The common denominator that causes clinical fatigue is the many tasks that cannot be done in a limited amount of time. The more we can do to automate and equip the clinician to be flexible, the better. In order to resolve the regulatory and ultimate effects of burnout in healthcare, four areas should be focused:

  1. exercise. Too often we train doctors once in a certain technology, such as an electronic health record, and then let them go for good. If you don’t update their knowledge as jobs change and new promotions happen, they will become exhausted.

  2. judgment. Understanding when new processes and procedures are introduced and their impact on patient rotation and productivity is what good governance is all about. Leaders need to understand the impact of their decisions so that they can manage the flow efficiently and effectively, so that stakeholders are not overwhelmed.

  3. Communication. Involve stakeholders early and communicate with them non-stop, ensuring that they are always aware of what is happening, using different channels and methods of communication.

  4. system building. The term system building may sound technical, but it is not so much about technology as it is about operations.

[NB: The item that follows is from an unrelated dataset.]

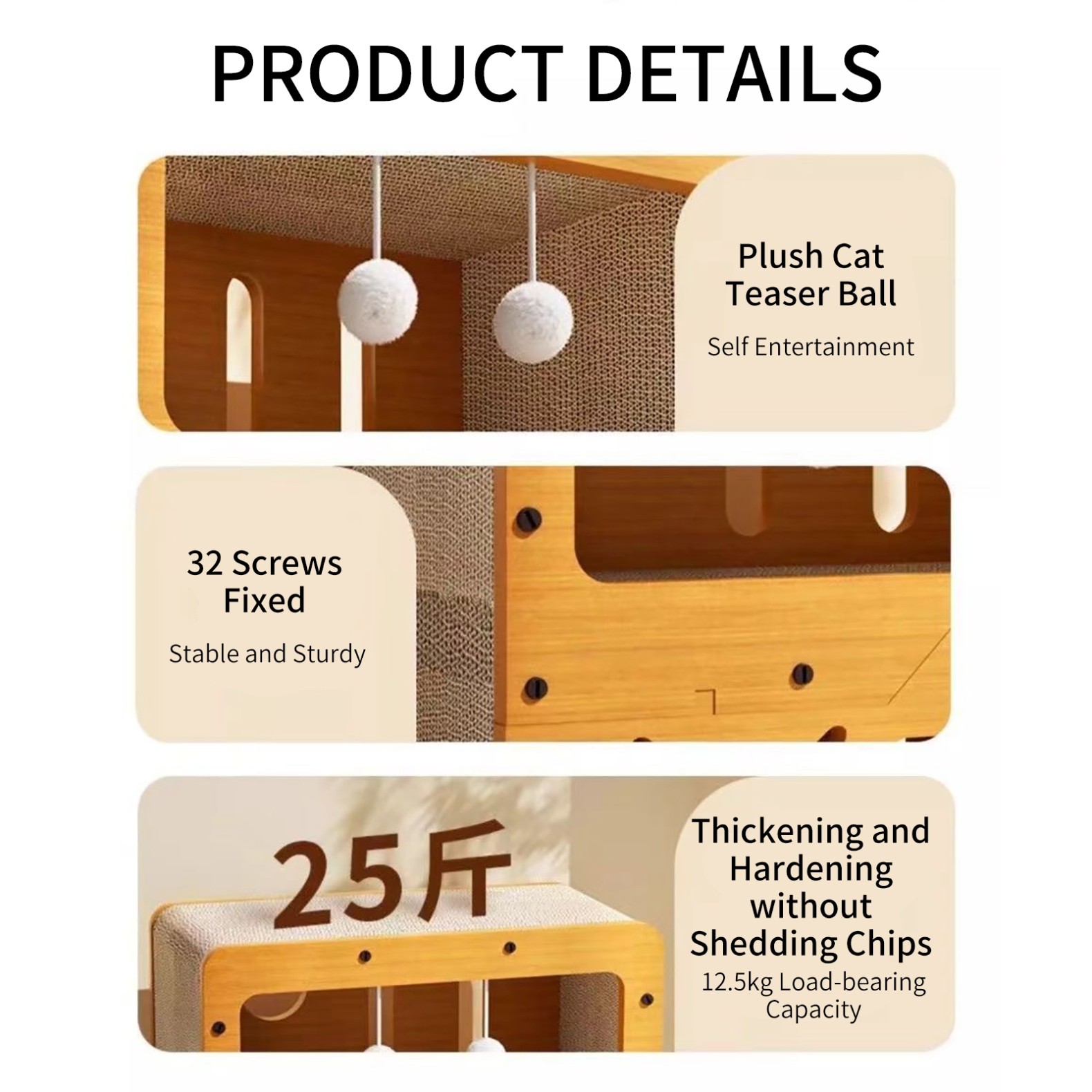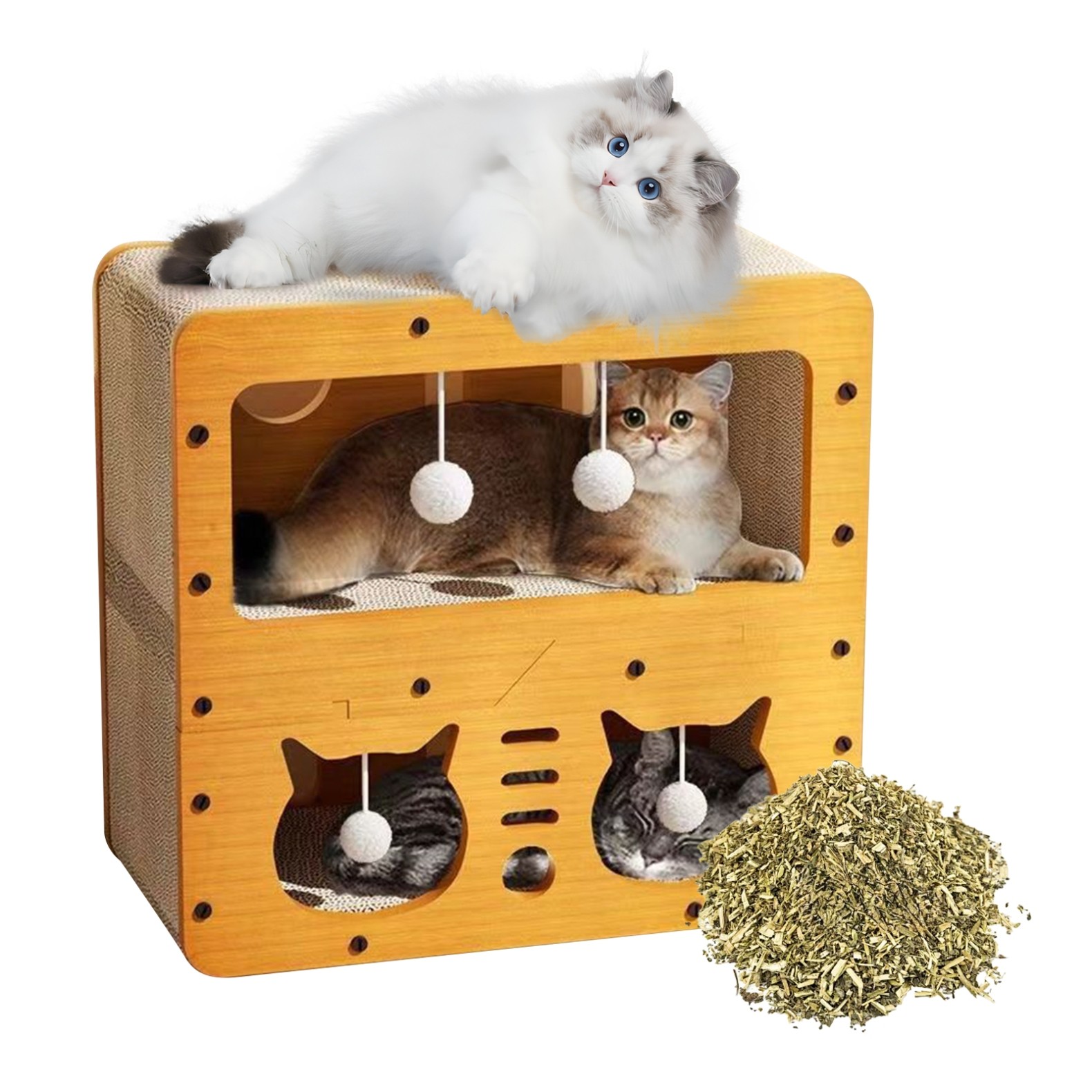 您的猫咪可以在我们的猫抓板上尽情玩耍,我们的猫抓板集抓挠、休息和藏匿功能于一体,其设计允许猫咪水平或垂直抓挠,而额外的空间则为猫咪提供了休息和藏匿的场所。 我们的猫抓洞和猫窝采用环保、无毒、无味的材料制成,确保您宠物的安全和健康。优质瓦楞纸板经久耐用,可提供坚固耐用的抓挠表面

Your goal is to build agile, efficient processes that don’t require your doctor to do the same things multiple times. Anything we can do to reduce the number of clicks, the number of screens you open, or the number of places they have to go for information, will go a long way toward reducing fatigue.

Focusing on these areas can undo some of the human and financial damage to healthcare organizations from years of ineffective processes, outdated technologies, and a lack of integration in care teams.

This will give care team members more time to focus their attention on something they care deeply about and benefit the entire organization – providing high-quality patient care.

Sam Hanna He is an executive resident at American University. Previous roles include being a consulting practice leader, head of strategy and innovations, and digital strategist at global consulting firms such as PwC and Deloitte. He holds a Ph.D. in Transformational Health Sciences from George Washington University and an MBA in Entrepreneurship from Babson College.